Seekable, Unseekable, Routable
The implementations of these interfaces are always prefixed with
TableId most of which were just discussed.
A Seekable has enough information that it can be used to both route a
query and then execute it because it identifies what exactly to read and
write. An Unseekable is more compact (just a token) for Accord to work
with and can be used to route and schedule transaction execution. A
Routable could be either Seekable or Unseekable and is generally
used when you need to handle both.
Seekable can be either a Key or an Accord Range. Key has both
routing (token) and partition key/clustering information. Range is
Seekable but its bounds are only Routable. Range is in an odd
place in terms of being Seekable . It’s helpful because APIs can
accept Seekable and then handle both Key and Range domains.
Seekables is the collection version of Seekable and can be either
Keys or Ranges.
Unseekable can either a RoutingKey (TokenKey) or Range
(TokenRange) and Unseekables is either RoutingKeys or Ranges.
Route and various kinds of Routables exists, but are primarily used
inside Accord.
Data
Data
is an opaque container for data that has been read during execution of a
transaction. Accord doesn’t know anything about the contents and the
only required interface for Data is that they can be merged since
Accord will execute multiple reads at different command stores and will
need to merge the result.
Data is implemented by
TxnData
which is a glorified map from a unique integer identifying each piece of
data read to TxnDataValue which can be either
TxnDataKeyValue
or
TxnDataRangeValue
. TxnDataKeyValue doesn’t support merging because Accord only reads
from a single replica, but TxnDataRangeValue does because the integer
key for TxnData identifies the logical read in the transaction, but
the actual execution of the range read could touch an arbitrary number
of command stores covered by the range and each will produce their own
TxnDataRangeValue for their portion of the read.
Result
Result
is the interface for what is returned by Query and ends up being
returned as the non-error result by Accord to the coordinator of a
transaction. This is also implemented by TxnData for key read results
and by TxnRangeReadResult for range reads.
There is also RetryNewProtocolResult which can be returned by
Cassandra’s integration with Accord during live migration. This retry
error indicates that Accord determined the transaction’s execute time is
in an epoch where Accord does not manage some or all of that data for
read or write so the transaction should be retried on whatever system
currently manages that data.
Read
Read
is where a transaction defines how data should be read during execution
in order to return a result, and it will have its read method invoked
along with specific keys to be read at command stores.
A Read has to define all the keys it will access up front and needs to
support slice/intersecting/merge so Accord can send only the relevant
parts of a transactions reads to the command stores that are responsible
for persisting metadata about the transaction and executing the read.
TxnRead
implements Read and is a sorted collection of
TxnNamedRead.
The name in TxnNamedRead refers to what is now the integer identifier
for each logical read in the transaction.
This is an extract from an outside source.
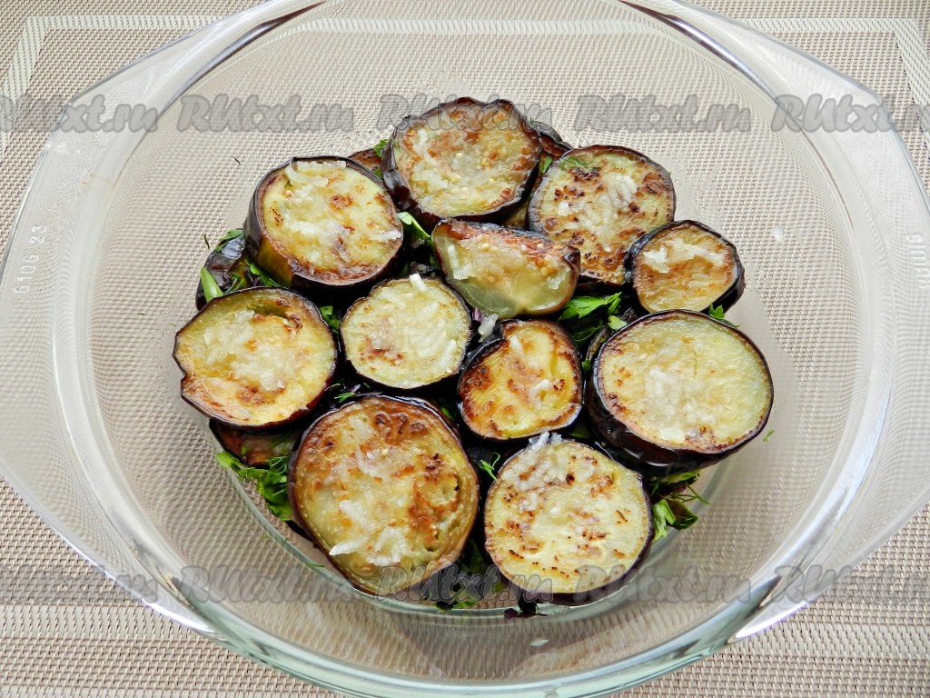 Затем вынуть и разложить слоем на дно стеклянной или эмалированной посуды. На каждый кусочек баклажана выложить чеснок и обильно присыпать зеленью.

TxnNamedRead supports both
key and range reads although not both in the same transaction.
The name for a read is an incrementing integer encoded at planning time with the higher order bits storing the kind of read and the lower order bits storing the index of the read. Kinds of reads include:
-
USER - let statements
-
RETURNING - Returning select in
TransactionStatement -
AUTO_READ - Automatically generated reads like list index set
-
CAS_READ - Read for CAS statements
Every read in a transaction is executed concurrently in the read stage
threadpool and the resulting Data (TxnData) is merged into a single
value.
TxnRead contains a read consistency level that is not visible to
Accord that is used to declare the read consistency level that a
transaction requires. This will be discussed more later when we cover
interoperability, but if this is set then the transaction will actually
read from multiple replicas complete with short read protection and
blocking read repair.
Query
Query
is the portion of the transaction definition responsible for computing
the Result of the transaction that will be returned at the
coordinator. It’s implemented by
TxnQuery
which has several different modes it can operate in.
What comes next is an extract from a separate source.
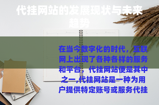 代挂网站作为互联网服务的一种新兴形式,在满足用户需求、创造商业价值等方面具有一定的潜力和发展前景,虽然它在发展过程中面临着一些挑战,但只要能够不断创新和提升自身的技术与服务水平,就有可能在未来的互联网市场中占据一席之地,为用户提供更加便捷、高效的账号代挂服务,同时也为自身的发展赢得更广阔的空间,我们可以期待代挂网站在互联网生态中发挥出更大的作用,与其他互联网服务共同构建一个更加丰富和多元化的数字世界。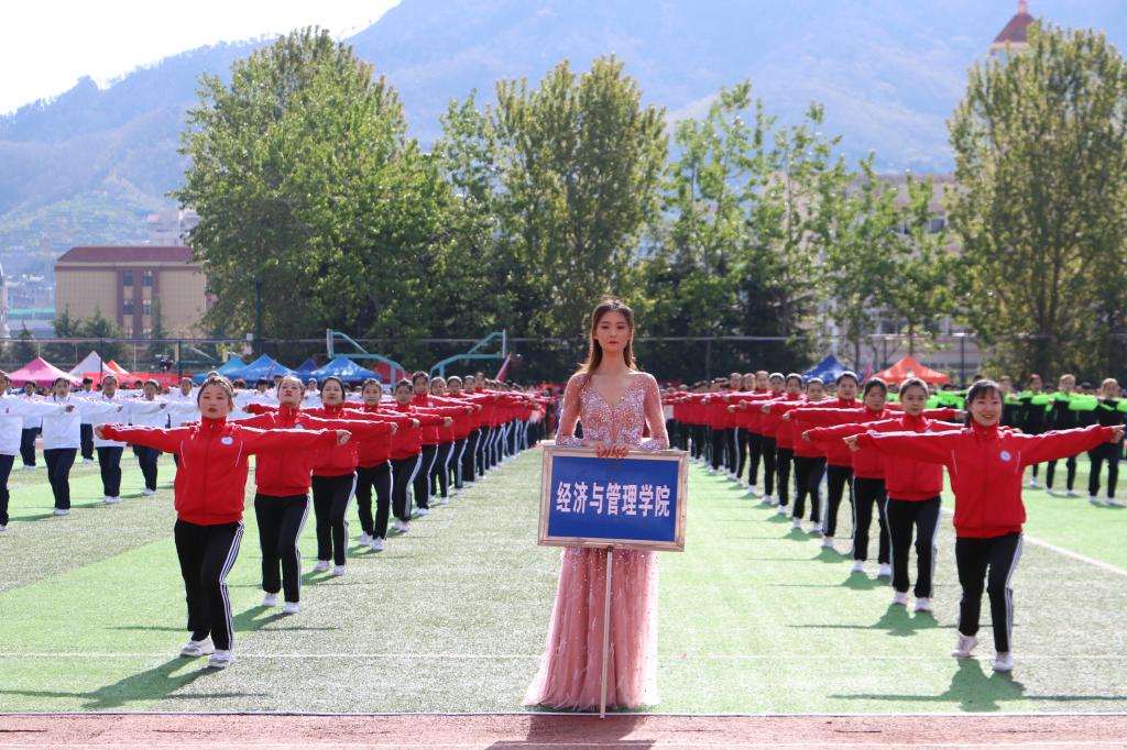 上午7点半,运动会正式拉开序幕,各学院代表队踏着激昂的运动员进行曲入场,经管学院方阵身着统一院服,用整齐坚定的步伐,铿锵有力的口号展现了昂扬向上的精神风貌,他们手中拿着花团,用队形变换出70的数字,为祖国70华诞献礼。在开幕式的校广播操决赛中,经管学院广播操代表队动作娴熟到位,姿态张弛有度,充盈着刚健之美,洋溢着青春气息,凭借凭借扎实的基本功,饱满的精神状态荣获三校区第二名的好成绩。

Query only has one method compute to compute the result and is run
on the coordinator of a transaction. There are few things TxnQuery is
responsible for such as validating the query is accessing data managed
by Accord generating a retry error if needed. For CAS statements it’s
also responsible for checking the CAS condition and returning the
appropriate result. For range reads it’s also responsible for merging
the range read results and reapplying the limit.
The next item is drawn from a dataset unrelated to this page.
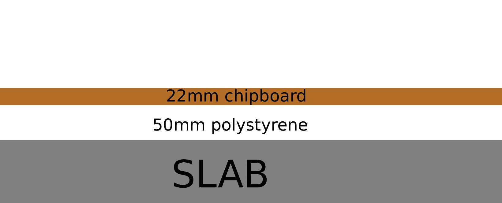 Workerbee Posted Sunday at 21:09 Author Posted Sunday at 21:09 (edited) Thank you for the replies, and sorry for my poor explanation! It's a bungalow, and in terms of compressive strength I think any of polystyrene, PIR or XPS should be fine. I've done a crude drawing of what's currently there: The finish is currently carpet or tile. I'm basically just thinking of replacing the polystyrene with either PIR or XPS (ravatherm seems to have a decent lambda value), and replacing the chipboard with insulated tile backer board. This will mean I can bond everything together with suitable adhesive so that it's technically no longer floating, because the finish will be natural stone, which can obviously cause issues on a floating floor otherwise. I wondered if the ravatherm might have two benefits over PIR: would the fact it's not foil faced mean it bonds better? And more importantly does the higher compressive strength equate to lower vibration, or is that a separate characteristic? It's an all-electric house, so that's why I'm thinking of electric ufh. It'll probably be secondary heating, but given I'll be installing oil filled radiators it'll end up being just as expensive! Thanks again. Edited Sunday at 21:19 by Workerbee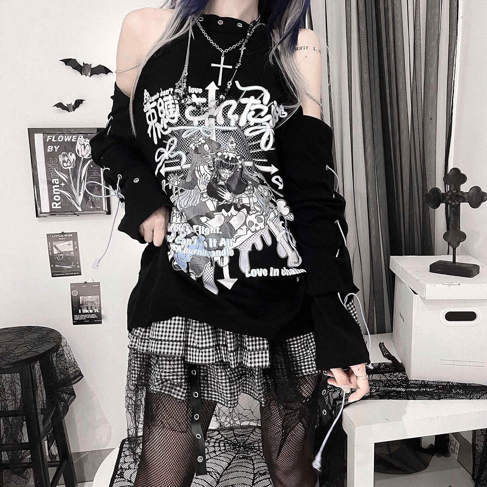 【新登場】:これからの季節に大活躍する肩出し半袖Tシャツは新登場です。 病みかわいいサブカル系スタイルです。

TxnQuery also has an implementation, UNSAFE_EMPTY, used for
Accord system transactions that does no validation that Accord owns the
ranges in question. This is because from Accord’s perspective it
immediately adopts all the ranges in a table when that table begins
migration to Accord, but from live migration’s perspective (which Accord
can’t see) there is a
TableMigrationState
that specifies which ranges within a table are managed by Accord.
Accord system transactions only impact Accord metadata so “they don’t exist” from the perspective of live migration and concurrent reading and writing to data.
Update
Update
is invoked via the apply method on the Accord coordinator and is
responsible for taking in the Data from Read and producing the
Write that contains all the writes that we applied as part of
committing the transaction.
Update requires support for slice/intersecting/merge so that
Accord only needs to distribute and persist the potentially sizable
partial or complete updates to the shards that actually need them.
TxnUpdate
implements Update and can contain completed or partial updates which
are completed when apply is called with the TxnData from TxnRead.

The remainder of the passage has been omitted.